→ RECORDED DATA:
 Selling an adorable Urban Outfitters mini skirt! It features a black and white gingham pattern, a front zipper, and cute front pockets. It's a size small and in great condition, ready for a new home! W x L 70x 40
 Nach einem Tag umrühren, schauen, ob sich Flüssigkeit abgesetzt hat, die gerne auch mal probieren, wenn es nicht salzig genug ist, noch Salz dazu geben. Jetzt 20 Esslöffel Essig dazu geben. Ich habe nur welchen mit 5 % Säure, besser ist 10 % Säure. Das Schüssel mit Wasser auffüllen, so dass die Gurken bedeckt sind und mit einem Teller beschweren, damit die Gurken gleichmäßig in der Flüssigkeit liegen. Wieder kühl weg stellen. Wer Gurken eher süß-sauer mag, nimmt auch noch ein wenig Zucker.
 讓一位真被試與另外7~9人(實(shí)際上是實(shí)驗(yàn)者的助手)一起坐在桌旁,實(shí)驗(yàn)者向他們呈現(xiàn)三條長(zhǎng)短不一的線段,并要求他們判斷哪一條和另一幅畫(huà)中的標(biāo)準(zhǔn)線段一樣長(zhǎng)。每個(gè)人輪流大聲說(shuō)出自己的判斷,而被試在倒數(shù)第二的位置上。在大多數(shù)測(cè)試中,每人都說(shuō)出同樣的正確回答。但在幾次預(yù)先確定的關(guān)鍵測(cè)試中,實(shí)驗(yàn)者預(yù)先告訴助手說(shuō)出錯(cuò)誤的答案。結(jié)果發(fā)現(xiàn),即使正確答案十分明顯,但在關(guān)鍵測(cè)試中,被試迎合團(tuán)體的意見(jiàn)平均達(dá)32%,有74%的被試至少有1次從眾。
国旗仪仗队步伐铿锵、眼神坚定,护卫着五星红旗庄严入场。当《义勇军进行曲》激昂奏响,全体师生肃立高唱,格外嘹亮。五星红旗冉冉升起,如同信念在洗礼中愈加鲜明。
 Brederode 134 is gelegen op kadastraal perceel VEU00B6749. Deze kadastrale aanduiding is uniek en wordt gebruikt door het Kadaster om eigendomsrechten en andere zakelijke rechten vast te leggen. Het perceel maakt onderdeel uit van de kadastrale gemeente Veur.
...
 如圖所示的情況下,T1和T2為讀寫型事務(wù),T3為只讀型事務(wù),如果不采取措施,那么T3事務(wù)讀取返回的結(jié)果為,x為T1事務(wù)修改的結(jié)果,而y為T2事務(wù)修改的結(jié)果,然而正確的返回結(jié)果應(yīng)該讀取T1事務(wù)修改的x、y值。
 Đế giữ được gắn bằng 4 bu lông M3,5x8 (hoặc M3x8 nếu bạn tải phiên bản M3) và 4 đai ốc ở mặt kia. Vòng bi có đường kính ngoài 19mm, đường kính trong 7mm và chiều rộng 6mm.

→ INSTRUCTIONS FOR THE TASK:
The output should be exactly the lines above from the line containing "如圖所示的情況下,T1和T2" to the line containing "Đế giữ được", inclusive, with no other lines.

→ RESULT OF THE EXERCISE:
 如圖所示的情況下,T1和T2為讀寫型事務(wù),T3為只讀型事務(wù),如果不采取措施,那么T3事務(wù)讀取返回的結(jié)果為,x為T1事務(wù)修改的結(jié)果,而y為T2事務(wù)修改的結(jié)果,然而正確的返回結(jié)果應(yīng)該讀取T1事務(wù)修改的x、y值。
 Đế giữ được gắn bằng 4 bu lông M3,5x8 (hoặc M3x8 nếu bạn tải phiên bản M3) và 4 đai ốc ở mặt kia. Vòng bi có đường kính ngoài 19mm, đường kính trong 7mm và chiều rộng 6mm.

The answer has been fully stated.